There are times when I'm a gun-ho and ready go start a vinyl floor project; and then the drive goes away or gets derailed by other concerns raised by the process and/or by the finished product benefits vs. backlash issues... like scratches appearing later from the slide-out shoe.

So, I think this upgrade is not for me at this time.

Maybe my carpet is just not in that bad of shape? Maybe I like having carpet under my feet? Maybe I just can't see the value and improvement/comfort over carpet vs. spending $3K-$5K on a vinyl floor.

The kicker: Even if I decided to tackle this project myself, and that lowered the vinyl flooring cost to $1,000 in materials, my decision would still be to go with carpet.

* If I was traveling with a pet... maybe.

* If my existing carpet was in terrible shape... maybe.

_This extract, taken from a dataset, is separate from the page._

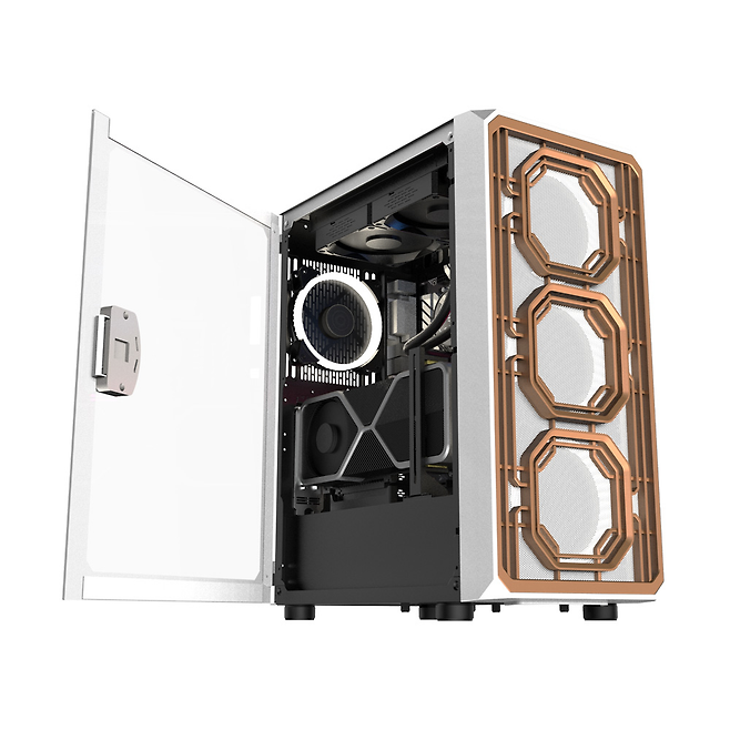 한국의 미를 가장 잘 표현한 케이스를 꼽으라면 단연 마이크로닉스 GM3-문(실시간 45,990원)이다. 디자인이 마치 경복궁이나 창덕궁같은 고궁 문살을 보는 듯하다. 보통 우리나라 사람들은 국뽕에디션(호소) 디자인을 별로 안 좋아하는데, 이 제품은 디자인이 워낙 잘 뽑혀서 기존에도 평이 좋았다. 겉만 그럴싸한게 아니라 기본기도 좋은 편. 강화유리 스윙도어, 140mm 대형 팬 4개 기본 장착, 내부 레이아웃도 최신이다.

* If I took out all the flooring, tile included, and ran new flooring from the front, through the kitchen and bath, to the back bedroom... maybe.

...Personally, I don't like how vinyl meets tile. And I have yet to see a hardwood or vinyl floor where the transitions in the bedroom look "clean". I.e., these "make-shift" transitions in my opinion are not ideal and sort of cheap'n the look.

* If I really felt like this upgrade would not cause any trouble with my slide-out... maybe.

* PROS: I kind of like the more more modern look.

So for me, at this time, there are just too many "maybes" for me to pull the trigger.

My suggestion to others: Before you redo your floor, replace your refrigerator with residential unit. Now that in my opinion is an indisputable upgrade in my opinion. (And go with stainless!)